When I saw the prototype jet coming stealthily and silently up the Kimiākau Awa, it was so different from the roaring V8 engines it will replace, and I saw this as an interesting analogy for climate change.
Climate change is a global threat, coming towards us in Aotearoa and in our own takiwā a little like the jet boat, quickly and without a lot of noise. It is difficult to understand until it actually arrives.
Perhaps that explains the strange place we find ourselves in, where many of us accept the science but are having trouble understanding the consequences.
Although the days of climate denial are well behind us, thank goodness, there is still a big group of the population crossing their fingers, putting their hands over their ears and humming a happy tune.
Our iwi has the resources and influence to do more than this. We want to make things better for future generations. We want our mokopuna to thrive and to maintain strong connections to our beautiful natural world.
The more dire the predictions from the Intergovernmental Panel on Climate Change (IPCC) become, the more some of us have been hoping that the experts are wrong. But we can not hide anymore.
One of my jobs as Kaiwhakahaere is helping whānau to understand and accept how widespread and comprehensive the effects of climate change are going to be.
Te Rūnanga o Ngāi Tahu has just released an 88-point action plan to tackle climate and related ecological issues. As part of the process we have made a video to bring home the local dangers of this global crisis.
In order to make the plan work we need to all understand that climate impacts are not limited to Australian wildfires and Pacific atolls going under, as serious as they are for our cousins who live there.
Impacts are already being felt close to home, in our own backyards. Take the recent heavy flooding in Ōtepoti (Dunedin) and Waitaha (Canterbury) as an example, where roads were once again cut off and communities were forced to evacuate. We have to understand that climate change will come to affect every single family in Aotearoa.
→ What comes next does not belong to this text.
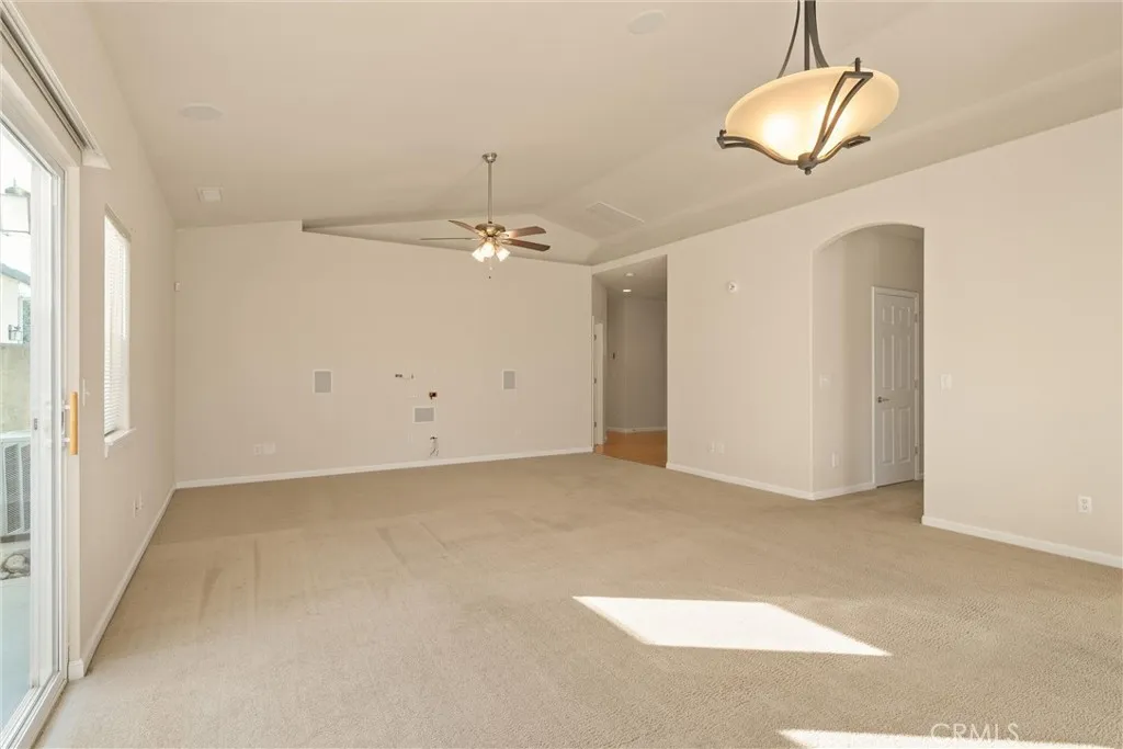 Inside, the split-bedroom floor plan provides privacy and flexibility for guests, family, or a home office. The spacious living room features vaulted ceilings and in-wall surround sound speakers, creating an open, inviting atmosphere. Vinyl flooring and carpeting add durability and comfort throughout, while the hall bathroom includes a tub/shower combination.

In order to protect our own whānau, both now and in the future, we will need to act fast.
The video outlines some of the places across our takiwā already in the frontline. The glaciers of the Southern Alps, the threats to mahinga kai (customary food gathering), the ūrupa (graveyards) crumbling into the ocean at Moeraki, the marae at Taumutu on the shores of Te Waihora that has to be evacuated at high tide in a storm.
We are a coastal people and 16 out of our 18 marae are at risk from flooding and rising sea levels. As we can see from the testimonies of our people – the danger is clear and present.
Across the ditch tens of thousands in and around Sydney have been forced from their homes by torrential rain and flooding. La Nina exacerbated by climate change has seen some areas getting a year and half's rainfall in just four days.
If we keep our hands over our ears it would be easy to regard these reports as extreme "one in a hundred year" events. But we need to note how often these one in a hundred year events are happening.
That's why one of the main planks of our action plan Te Kounga Paparangi involves empowering our marae to be resilient and self sufficient and to act as civil defence centres and climate refuges, when, not if, these extreme weather events come visit us.
I hope we can all come together now to cast aside our fears and take action.